The end goal is to sum the values in the "Price" column based on multiple conditions in other columns. I am unsure how to do it though.
import pandas as pd
#creating random dataset
rnd = pd.DataFrame({'Status':['Accepted', 'Denied', 'Accepted', 'Accepted', 'Denied'],
'Letter':['A 02-02-19', 'AB 10-31-21', 'A 03-07-18', 'CD 11-13-21', 'A 04-05-21'],
'Fruit':['Apple', 'Orange', 'Blueberry', 'Orange', 'Apple'],
'Price':[10,20,14,15,29]})
#output of dataframe
rnd
Needs to have "Accepted" as a value in the "Status" Column. I know this can be done by doing
''' net = rnd.loc(rnd["Status"] == "Accepted", "Price"].sum() '''
However, I also needed it to be summed based on what occurs in the "Letter" Column. I don't care about the random dates in the value, only the characters in the beginning of the string.

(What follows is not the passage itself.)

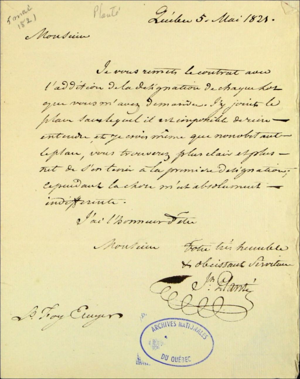 Lettre de Joseph-Bernard Planté, de la ville de Québec, à Lewis Foy, lui remettant le contrat avec l'addition de la désignation de chaque lot ainsi que le plan, 5 mai 1821, Archives nationales à Québec, Fonds Ministère des Terres et Forêts, (03Q,E21,S64,SS5,SSS3,D446).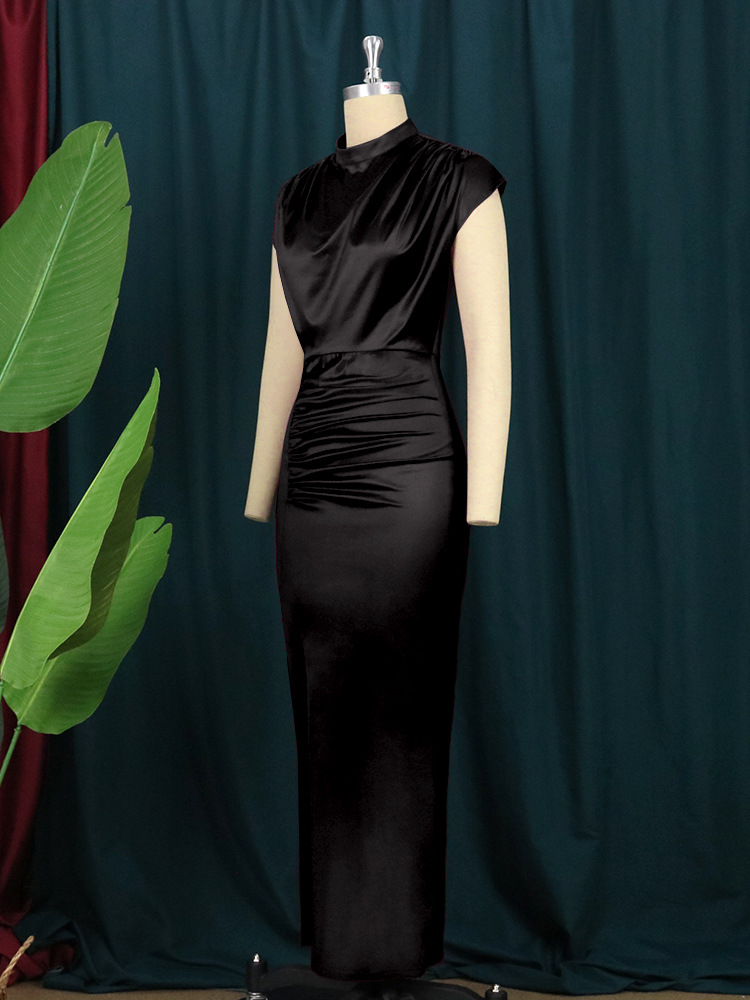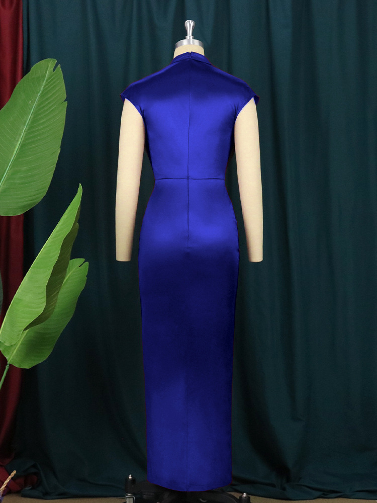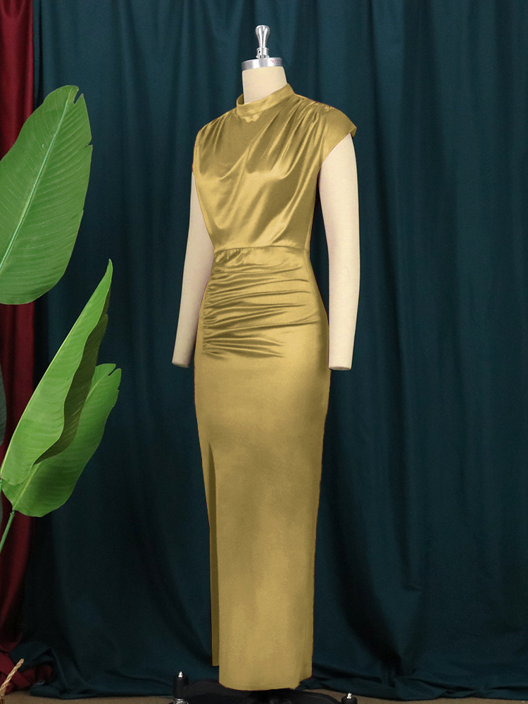 AM211217 긴 원피스 단색 원피스 하이 웨이스트 우아한 통근 빨간 음악 만들기 원피스 긴 드레스

AB would be grouped in a different Group than A, which would also be grouped differently than CD. I am trying to figure out how to sum "Price" if I only wanted those who had "A" in the Letter column and "Accepted" in the Status column.
CodePudding user response:
Try:
rnd.query('Status == "Accepted"')\
.groupby(rnd['Letter'].str.split(' ').str[0])['Price'].sum()
Output:
Letter
A 24
CD 15
Name: Price, dtype: int64
CodePudding user response:
In general:
foo = self.db[(self.db['COL_NAME'] == val1) & (self.db['OTHER_COL'] != 0)]['COL_TO_SUM'].sum()